* _Source data_:
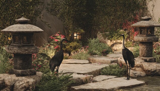 Serene Japanese Garden with Crane Statues and Stone Lanterns.
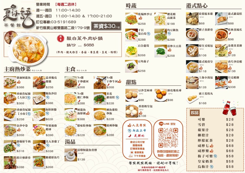 以上是我們的心得分享,夏沐語轉型為茶餐館後,不僅保留經典港式點心,還新增了中式熱炒料理,是喜愛港式料理的老饕及園區下班的朋友們的好去處,適合好友或公司團體聚餐
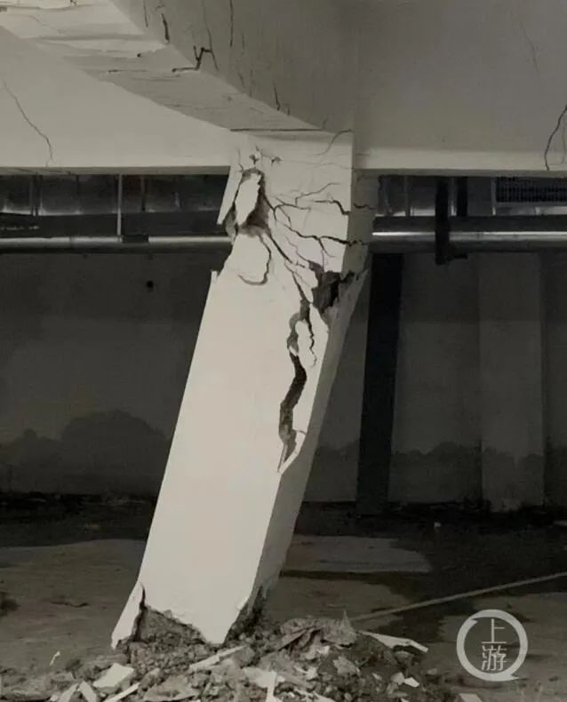 ▲除了立柱,地下室的橫梁也出現了嚴重的斷裂。圖片來源/受訪者供圖
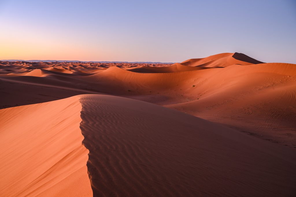 Zur blauen Stunde verwandelte sich der Himmel in ein tiefes Orange, das sich sanft im Sand widerspiegelte. Die Dünen wirkten noch wärmer und noch intensiver. Der Wind hatte feine Linien in die Oberfläche gezeichnet – perfekte Strukturen für eine klare Bildkomposition. Genau hier zeigt sich, wie sehr das Fotografieren in Marokko von Licht und Timing abhängt. Fünfzehn Minuten später sah die Szenerie bereits vollkommen anders aus.
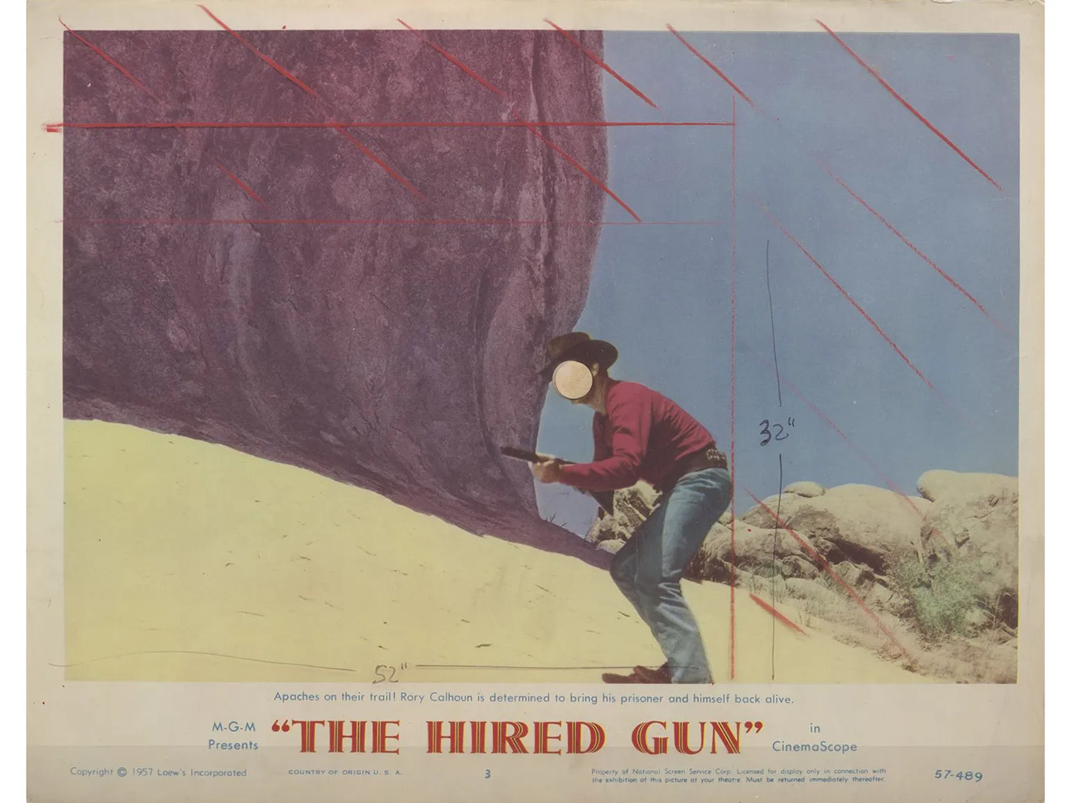 В проекте «История, скрытая за этим» / The Story Underneath американский художник Джон Балдессари работал с кадрами из старых фильмов, заклеивая лица персонажей цветными стикерами. Этот метод делает изображения абстрактными, стирая идентичность людей и фокусируя внимание на второстепенных деталях. В результате получается новый визуальный нарратив, в котором привычные сцены кино становятся частью художественного эксперимента с восприятием.

* _About this task_: The copy should hold, exactly, the lines from the one containing "以上是我們的心得分享,夏沐語" to the final line of the listing above, with both ends present and no pictures.

* _Reply_:
 以上是我們的心得分享,夏沐語轉型為茶餐館後,不僅保留經典港式點心,還新增了中式熱炒料理,是喜愛港式料理的老饕及園區下班的朋友們的好去處,適合好友或公司團體聚餐
 ▲除了立柱,地下室的橫梁也出現了嚴重的斷裂。圖片來源/受訪者供圖
 Zur blauen Stunde verwandelte sich der Himmel in ein tiefes Orange, das sich sanft im Sand widerspiegelte. Die Dünen wirkten noch wärmer und noch intensiver. Der Wind hatte feine Linien in die Oberfläche gezeichnet – perfekte Strukturen für eine klare Bildkomposition. Genau hier zeigt sich, wie sehr das Fotografieren in Marokko von Licht und Timing abhängt. Fünfzehn Minuten später sah die Szenerie bereits vollkommen anders aus.
 В проекте «История, скрытая за этим» / The Story Underneath американский художник Джон Балдессари работал с кадрами из старых фильмов, заклеивая лица персонажей цветными стикерами. Этот метод делает изображения абстрактными, стирая идентичность людей и фокусируя внимание на второстепенных деталях. В результате получается новый визуальный нарратив, в котором привычные сцены кино становятся частью художественного эксперимента с восприятием.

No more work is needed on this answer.